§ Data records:
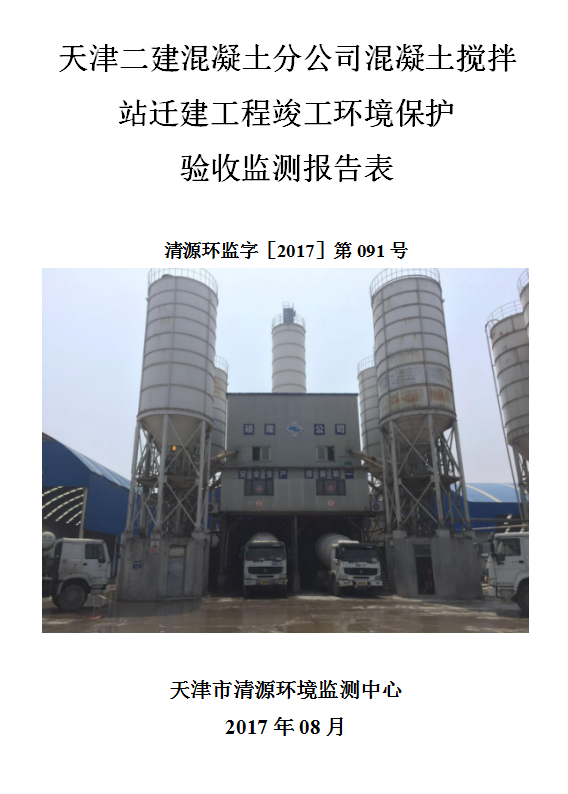关于天津二建混凝土分公司混凝土搅拌站迁建工程竣工环境保护验收监测报告的公示
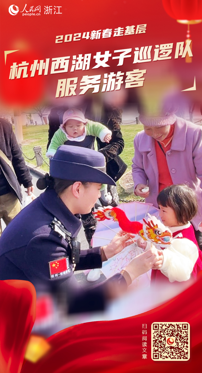 除此之外,西湖女子巡邏隊結合“大綜合一體化”行政執法改革,以“貼心服務+柔性管理”的工作法為載體,開展“非遺民俗辭舊歲 龍行龘龘迎新春”活動。在春節保障期間,西湖女子巡邏隊為市民游客提供咨詢服務與幫助、對不文明行為進行勸導、維護西湖景區面上管理秩序、配合處置突發事件,并提供《“小巡姐姐西游記”旅行服務手冊》、濕紙巾、果殼袋、暖寶寶等服務用品。同時,設置互動環節,抽取幸運游客贈送非遺手工剪紙舞龍和龍年文創貼紙,與市民分享美麗西湖的人文故事,送上新春祝福。
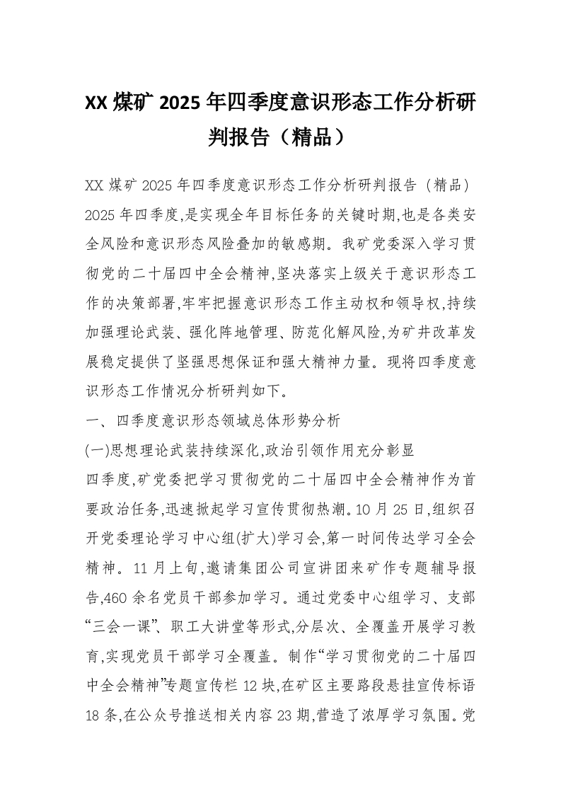 XX煤矿2025年四季度意识形态工作分析研判报告(精品)
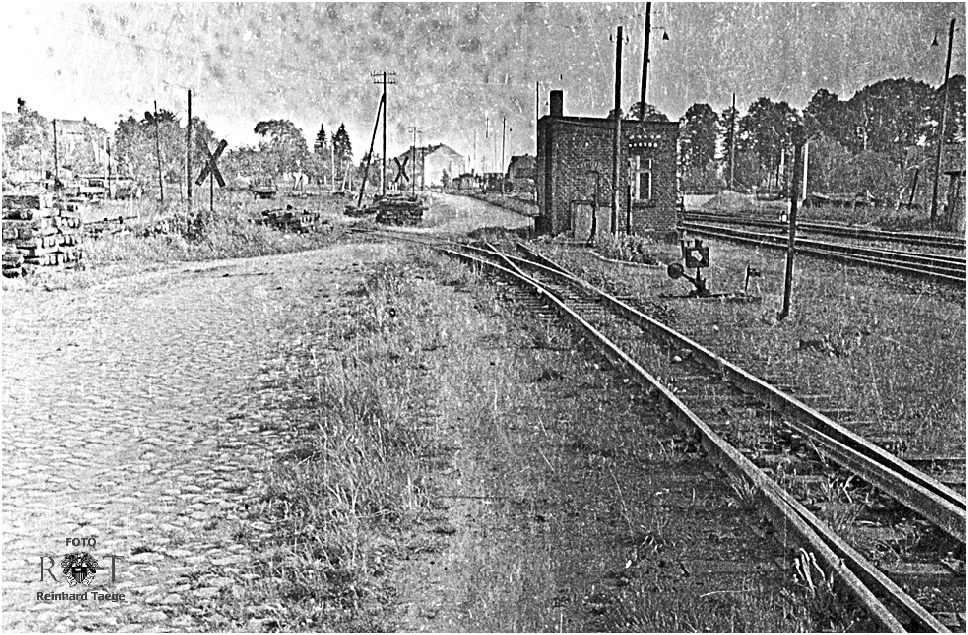 Klbf. Kyritz Ausfahrt nach Lindenberg links herum, geradeaus führt das ehemalige Anschlussgleis zur Stärkefabrik, welches gleich dahinter nach rechts die Normalspurgleise im Bahnhof kreuzt(e). Entschuldigung für die schlechte Bildqualität, aber von dort gibt es kaum Aufnahmen.
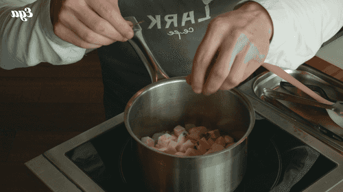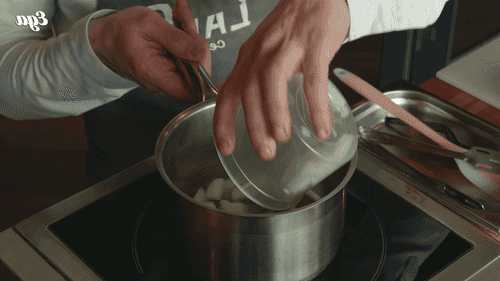 Добавить сливки, дать закипеть и снять с огня.
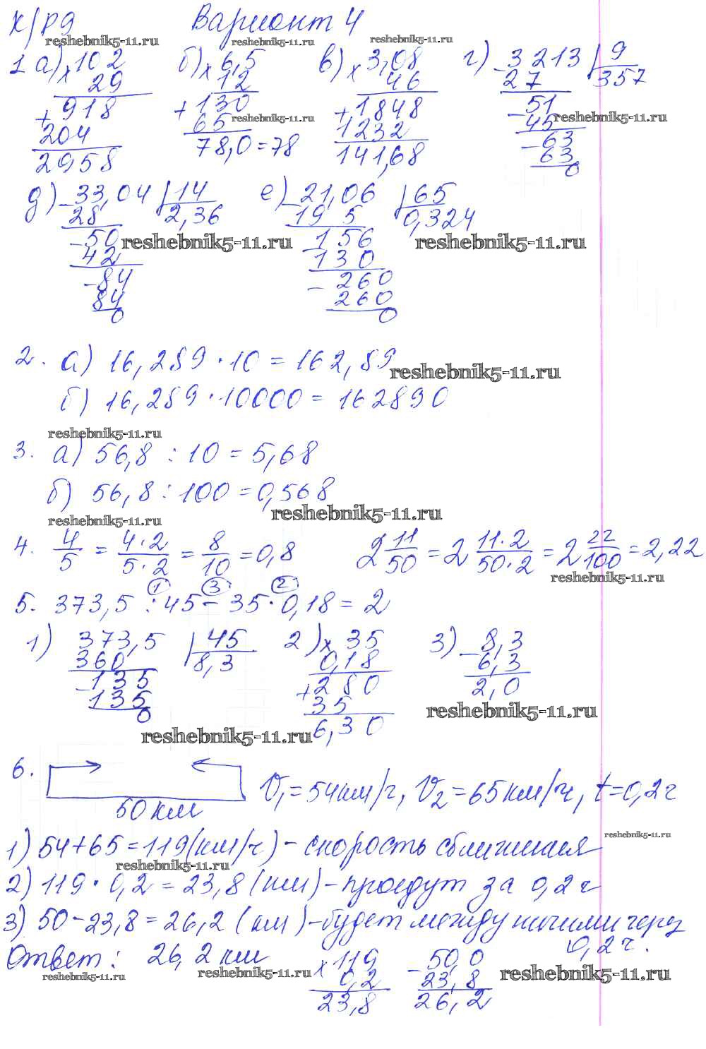 Готовая домашняя работа с ответами по Математике за 5 класс Дудницын, Кронгауз Контрольные работы УМК Экзамен 2011 ФГОС - КР-9. Варианты 4
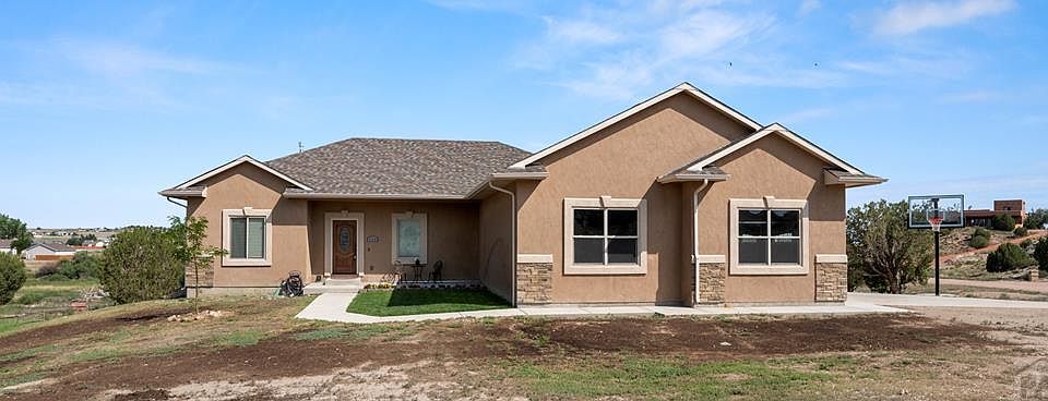 Open concept ranch style home located in the Pueblo west acreage area with five bedrooms, three baths, and an oversized three car garage. Large master suite with a 5 piece bath, walk in shower, jetted tub, and walk in closet. Granite countertops/Fireplace/Custom textured drywall/Custom raised panel cabinets/Tray ceilings/ Finished walkout basement with two family rooms. Privacy fence/ Covered treks deck. Corner lot on 1.5 acres. No one can build behind this property that backs up to Turkey creek open space. Beautifully landscaped front and back with trees, flowers, rocks and walkways, xeriscaping.
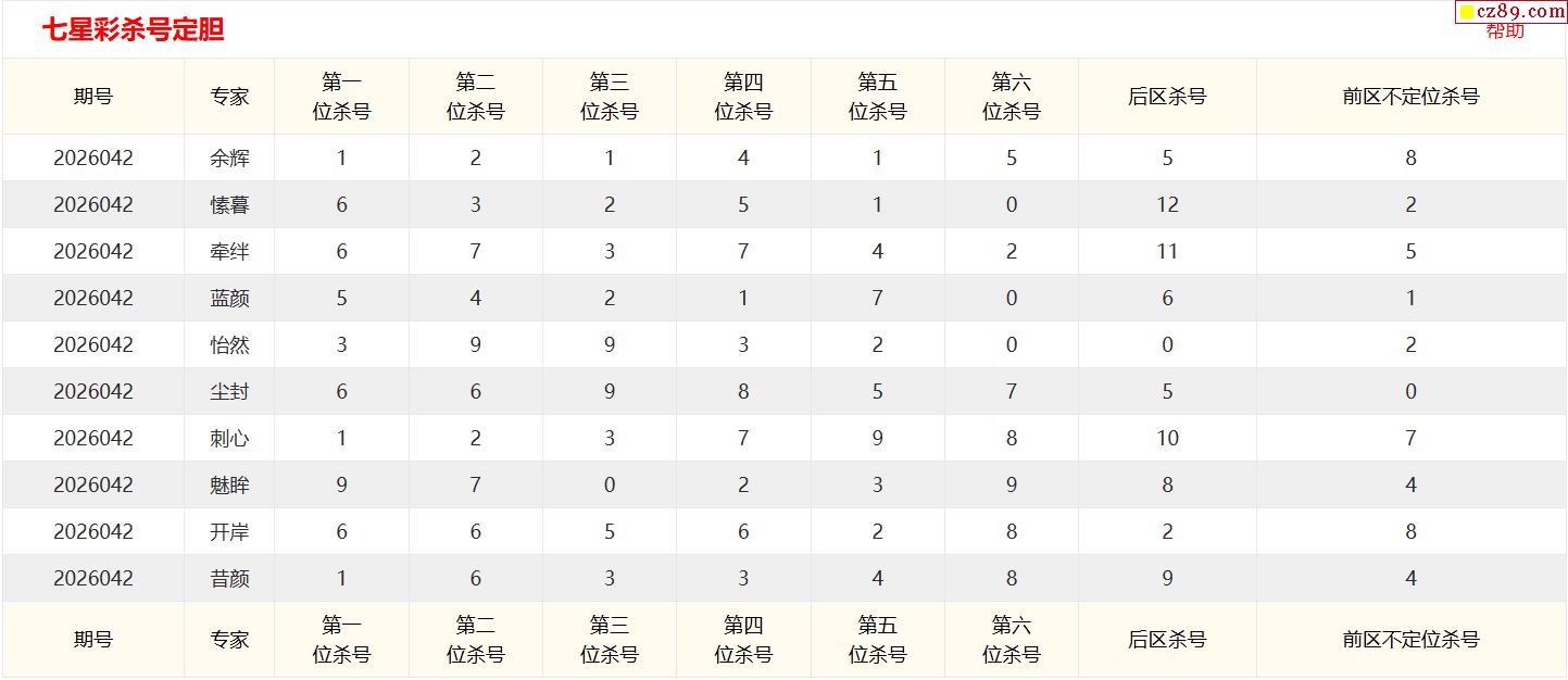 七星彩042期 彩宝贝专家直选杀号预测图表
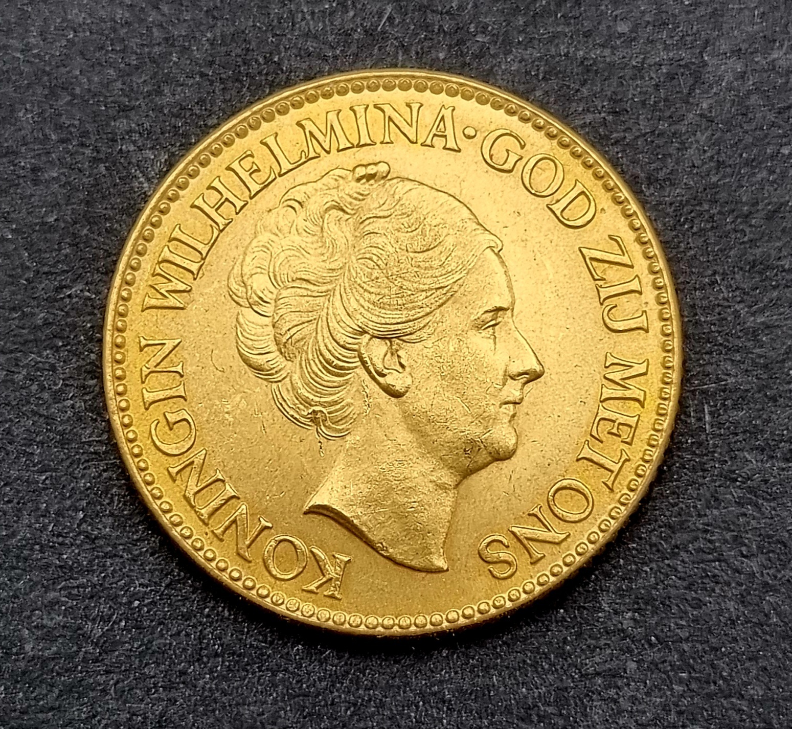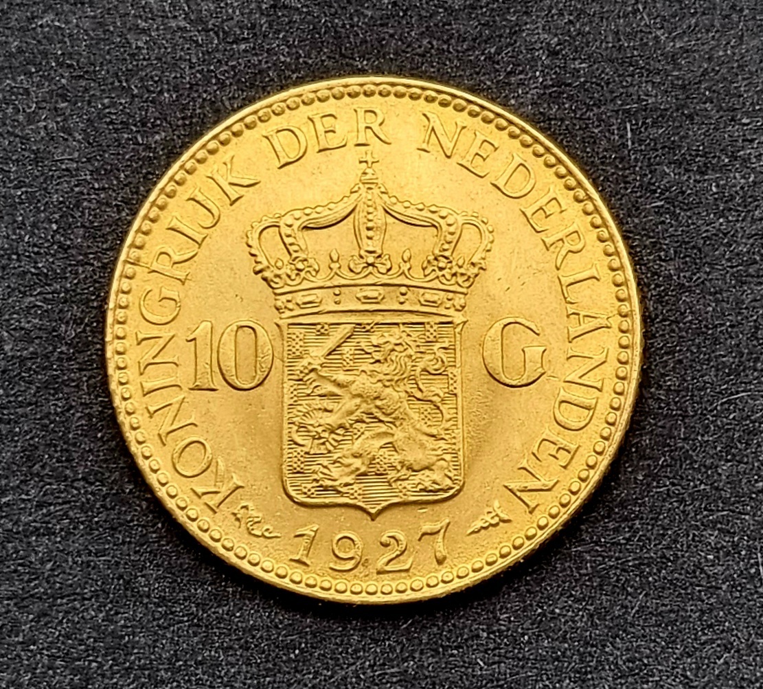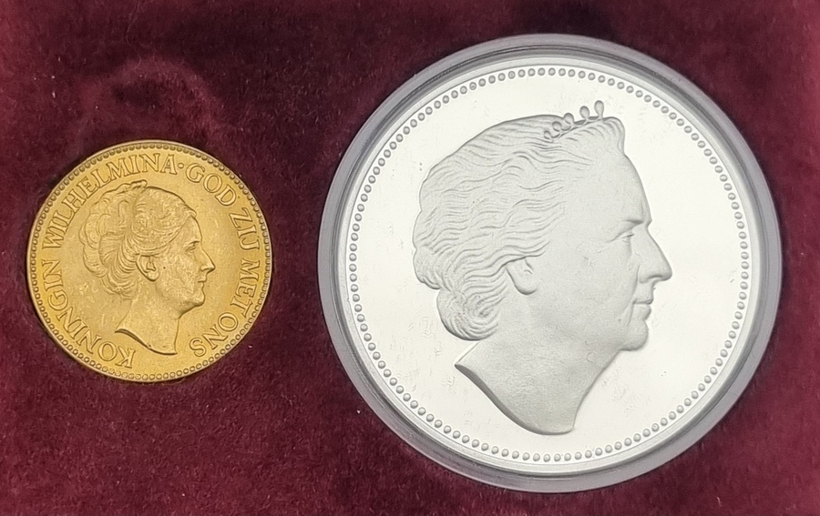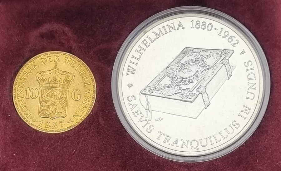 Set bestaande uit een gouden tientje van Koningin Wilhelmina 1927 en een zilveren penning “Het laatste goud van Wilhelmina”, vervaardigd door de Rijksmunt te Utrecht. Geslagen in goud 900/1000 (diameter 22,5 mm) en zilver 925/1000 (diameter 38 mm). Neoklassieke stijl, portret en wapen in reliëf, gemonteerd in originele cassette met certificaat van echtheid, Nederland, 20e eeuw. Geïnteresseerd? Bezoek onze kijkdagen op 28, 29 of 30 november van 11:00 tot 17:00 uur. |

§ Exercise directions: The lines above starting at the one that holds "Готовая домашняя работа" and ending at the one that holds "七星彩042期 彩宝贝专家直选杀号预测图表" are to be written out exactly, ends included, and no pictures are to be copied.

§ Your solution:
 Готовая домашняя работа с ответами по Математике за 5 класс Дудницын, Кронгауз Контрольные работы УМК Экзамен 2011 ФГОС - КР-9. Варианты 4
 Open concept ranch style home located in the Pueblo west acreage area with five bedrooms, three baths, and an oversized three car garage. Large master suite with a 5 piece bath, walk in shower, jetted tub, and walk in closet. Granite countertops/Fireplace/Custom textured drywall/Custom raised panel cabinets/Tray ceilings/ Finished walkout basement with two family rooms. Privacy fence/ Covered treks deck. Corner lot on 1.5 acres. No one can build behind this property that backs up to Turkey creek open space. Beautifully landscaped front and back with trees, flowers, rocks and walkways, xeriscaping.
 七星彩042期 彩宝贝专家直选杀号预测图表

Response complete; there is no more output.